> **Aim of the exercise**:
Could you write out every record below exactly, leaving the pictures out?

> **Data records**:
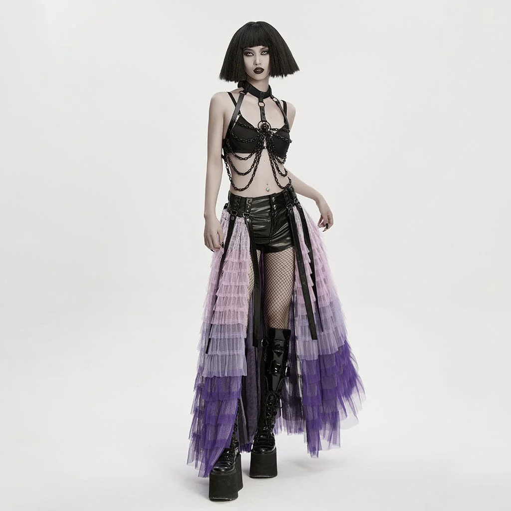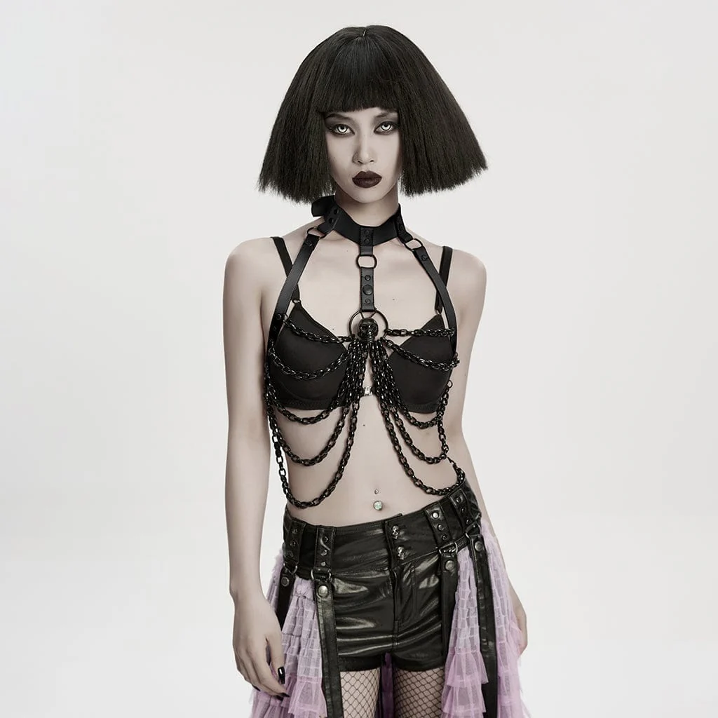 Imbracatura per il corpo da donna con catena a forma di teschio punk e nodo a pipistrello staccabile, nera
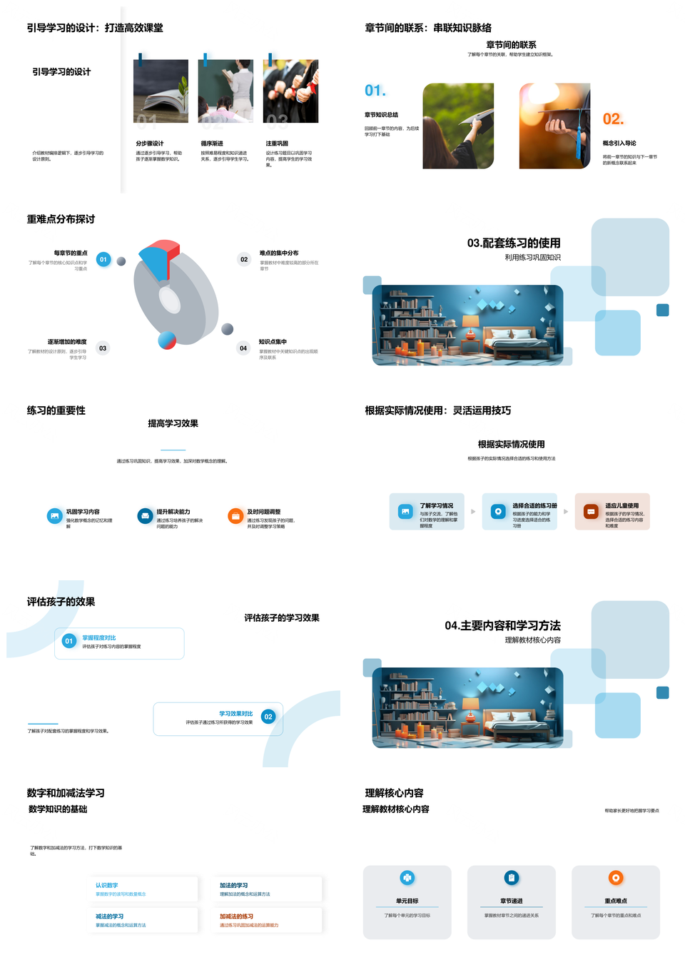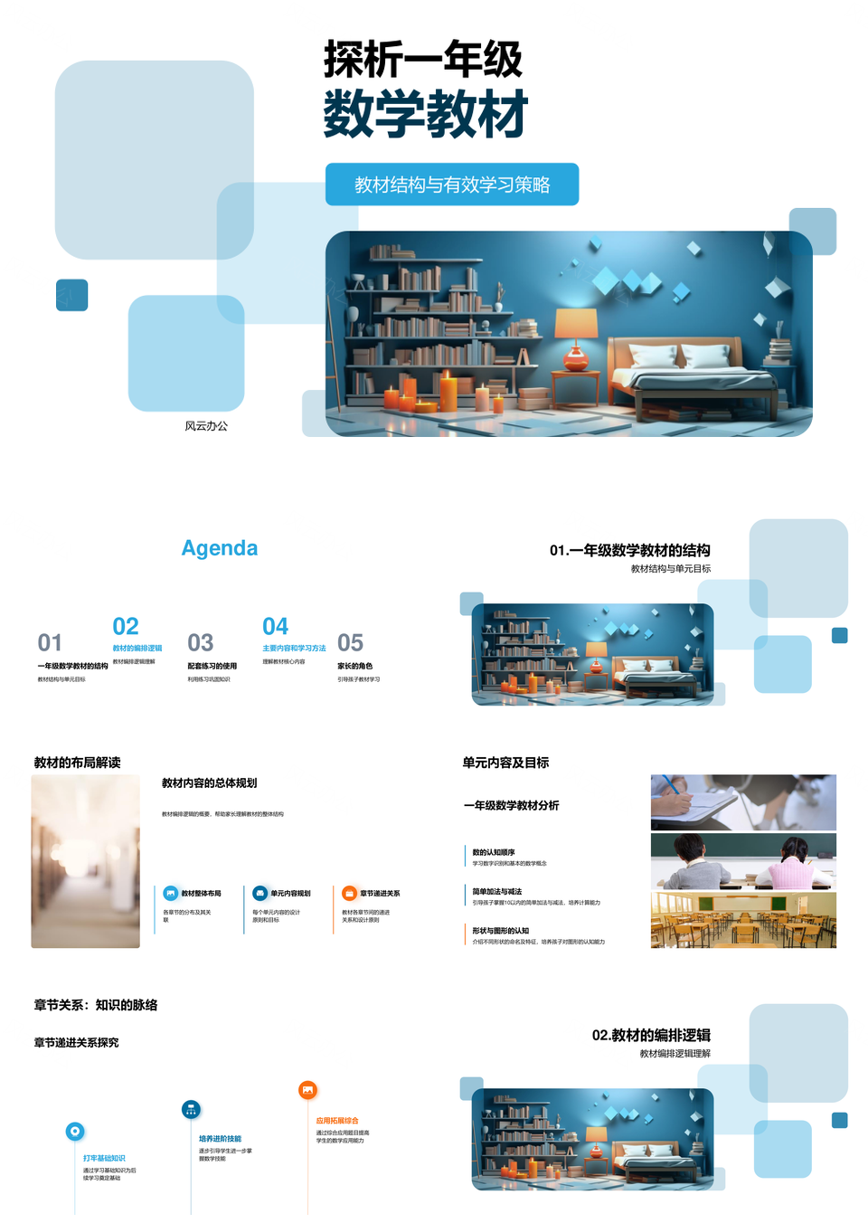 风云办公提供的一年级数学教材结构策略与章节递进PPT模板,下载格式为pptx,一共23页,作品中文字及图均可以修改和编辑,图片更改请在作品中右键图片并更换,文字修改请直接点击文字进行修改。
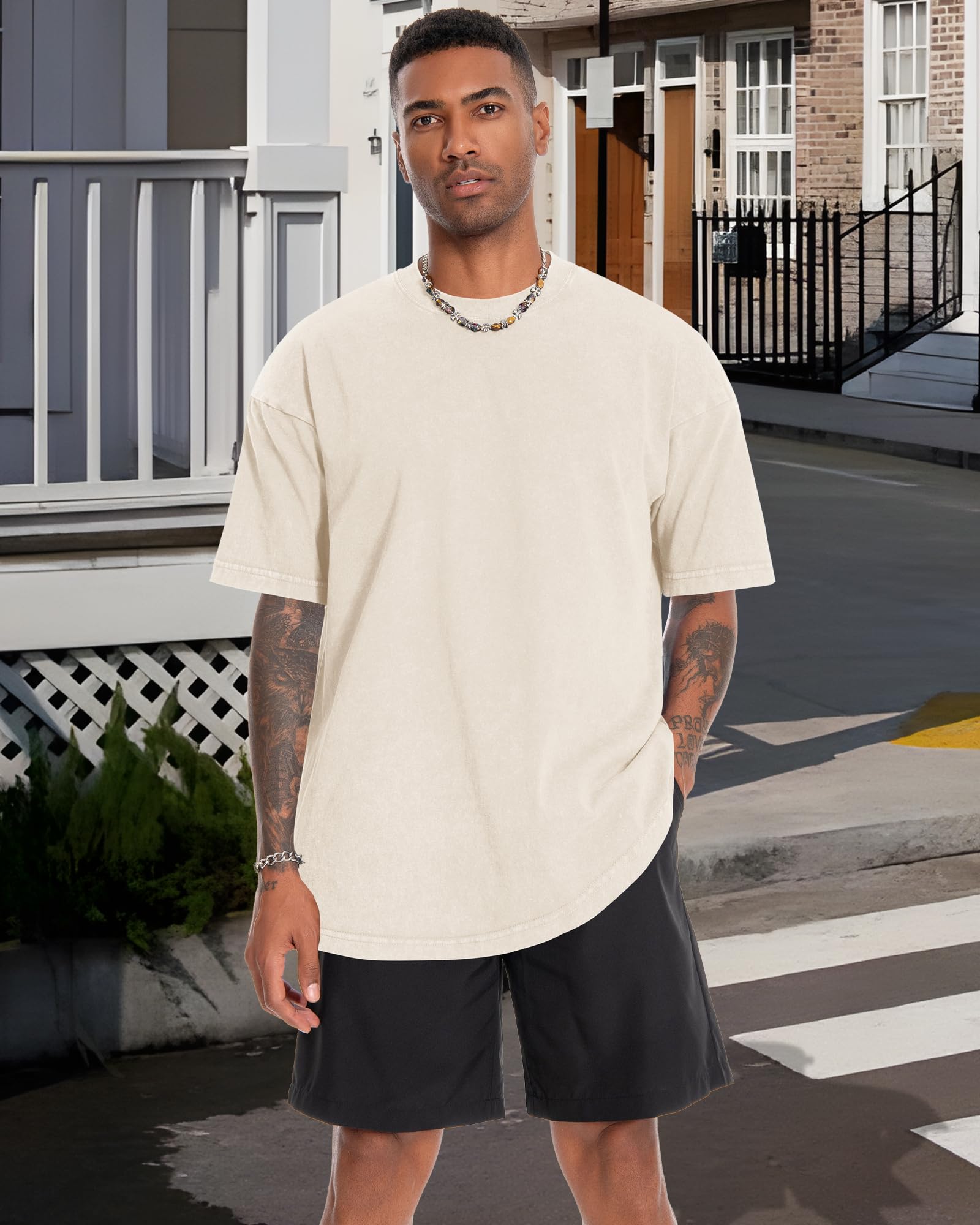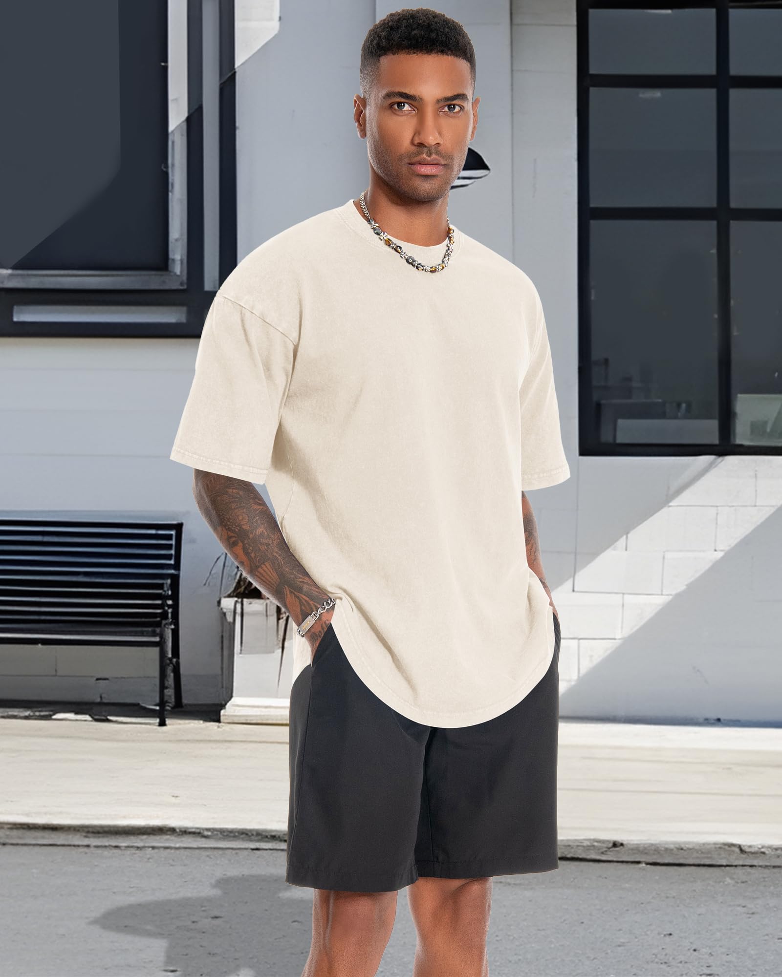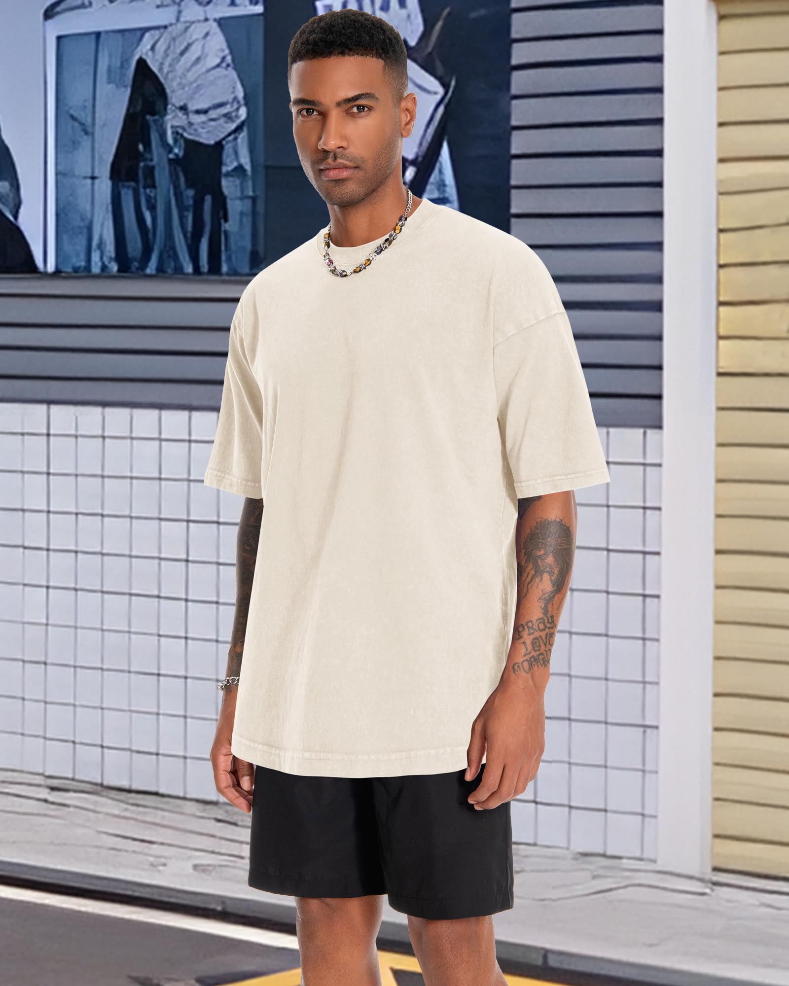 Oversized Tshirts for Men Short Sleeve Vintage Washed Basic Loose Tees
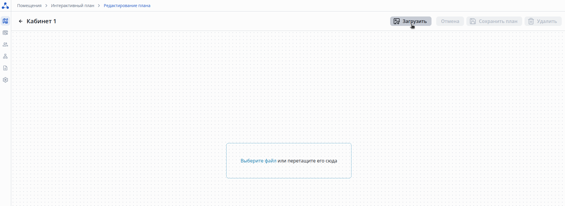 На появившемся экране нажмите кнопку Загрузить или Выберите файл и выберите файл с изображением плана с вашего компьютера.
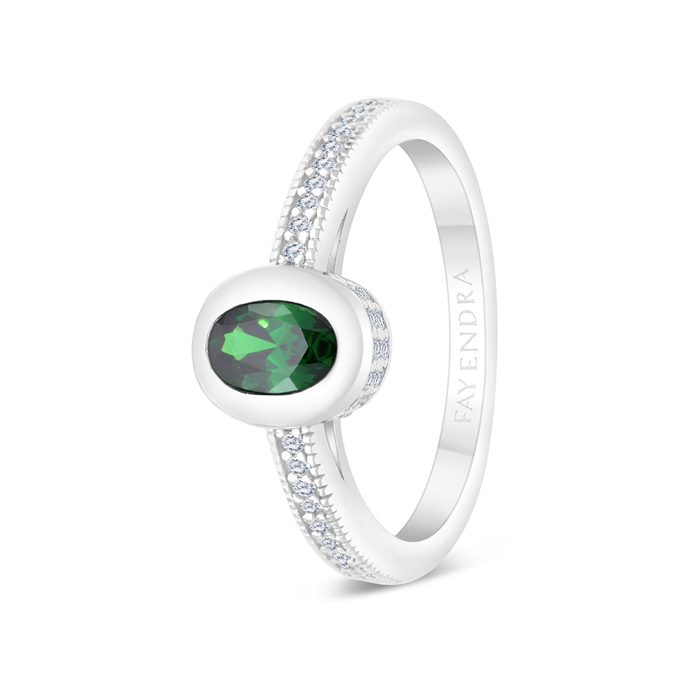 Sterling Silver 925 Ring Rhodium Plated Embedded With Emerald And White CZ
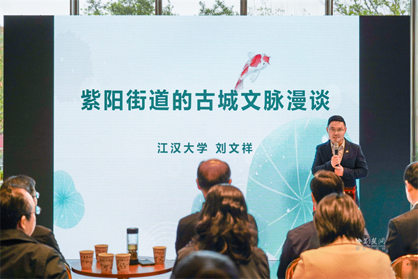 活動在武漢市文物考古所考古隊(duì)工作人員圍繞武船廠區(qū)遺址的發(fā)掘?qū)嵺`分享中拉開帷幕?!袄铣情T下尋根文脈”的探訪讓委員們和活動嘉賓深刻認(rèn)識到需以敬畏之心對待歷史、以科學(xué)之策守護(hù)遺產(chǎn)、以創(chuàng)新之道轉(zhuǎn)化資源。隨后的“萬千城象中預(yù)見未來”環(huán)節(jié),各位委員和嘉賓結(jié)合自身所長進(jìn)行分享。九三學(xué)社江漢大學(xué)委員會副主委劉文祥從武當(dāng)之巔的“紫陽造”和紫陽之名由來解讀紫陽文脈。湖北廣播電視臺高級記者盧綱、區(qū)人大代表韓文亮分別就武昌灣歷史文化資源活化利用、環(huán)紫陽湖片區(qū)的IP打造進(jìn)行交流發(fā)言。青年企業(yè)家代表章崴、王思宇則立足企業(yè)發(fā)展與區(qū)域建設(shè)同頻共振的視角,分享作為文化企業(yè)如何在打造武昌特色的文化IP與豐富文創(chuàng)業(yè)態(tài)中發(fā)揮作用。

> **Response to this task**:
 Imbracatura per il corpo da donna con catena a forma di teschio punk e nodo a pipistrello staccabile, nera
 风云办公提供的一年级数学教材结构策略与章节递进PPT模板,下载格式为pptx,一共23页,作品中文字及图均可以修改和编辑,图片更改请在作品中右键图片并更换,文字修改请直接点击文字进行修改。
 Oversized Tshirts for Men Short Sleeve Vintage Washed Basic Loose Tees
 На появившемся экране нажмите кнопку Загрузить или Выберите файл и выберите файл с изображением плана с вашего компьютера.
 Sterling Silver 925 Ring Rhodium Plated Embedded With Emerald And White CZ
 活動在武漢市文物考古所考古隊(duì)工作人員圍繞武船廠區(qū)遺址的發(fā)掘?qū)嵺`分享中拉開帷幕?!袄铣情T下尋根文脈”的探訪讓委員們和活動嘉賓深刻認(rèn)識到需以敬畏之心對待歷史、以科學(xué)之策守護(hù)遺產(chǎn)、以創(chuàng)新之道轉(zhuǎn)化資源。隨后的“萬千城象中預(yù)見未來”環(huán)節(jié),各位委員和嘉賓結(jié)合自身所長進(jìn)行分享。九三學(xué)社江漢大學(xué)委員會副主委劉文祥從武當(dāng)之巔的“紫陽造”和紫陽之名由來解讀紫陽文脈。湖北廣播電視臺高級記者盧綱、區(qū)人大代表韓文亮分別就武昌灣歷史文化資源活化利用、環(huán)紫陽湖片區(qū)的IP打造進(jìn)行交流發(fā)言。青年企業(yè)家代表章崴、王思宇則立足企業(yè)發(fā)展與區(qū)域建設(shè)同頻共振的視角,分享作為文化企業(yè)如何在打造武昌特色的文化IP與豐富文創(chuàng)業(yè)態(tài)中發(fā)揮作用。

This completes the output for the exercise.